Ратибор и Торуса без споров поднялись с лавок. Да и какие могут быть споры, коли в деле мужи, а не на веселой пирушке. Бронь на плечи боготур и боярин натягивать не стали, но вдобавок к мечам прихватили еще и луки.
Торусе рассказ Лепка про Листяну Колдуна запал в душу. Вот бы добыть это Слово вместе с золотом и серебром. Тогда прямая дорога откроется боготуру в князья большого града. По крови Торуса принадлежал к давним ближникам бога Велеса. Из колена в колено его предки шли в боготуры и ведуны. Один из щуров Торусы был кудесником Скотьего бога. Было это еще в те времена, когда славяне кочевали по степи. Тогда никому в голову не приходило оспаривать место Велеса во главе славянских племен. А ныне и Перун-бог в верховники мстит, и Даджбог тоже. И у того и у другого печальников среди славянских родов много, но Велес все равно старше всех и первенство его неоспоримо.
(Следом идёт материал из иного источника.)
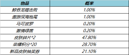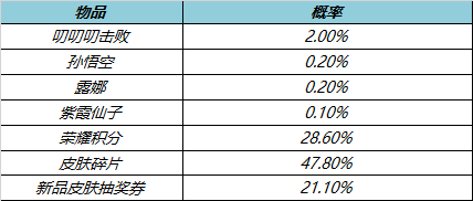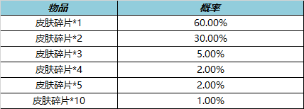 礼盒内含皮肤碎片*1,附赠奖励概率公示如下:

Ночь выдалась морозной и звездной. Прохаживаясь вдоль полуразваленного тына, Торуса пристально вглядывался в темноту, прислушиваясь, не скрипнет ли снег под неосторожным кожанцом. Пока все было покойно и тихо. Боярин Воислав выбрал себе место у пролома на противоположной стороне городца. Его шагов Торуса слышать не мог — городец был велик, и, если судить по бревнам в два обхвата, ставили его на века. Долго, видимо, собирался жить Листяна Колдун, да не учел того, что боги иной раз бывают гневливы.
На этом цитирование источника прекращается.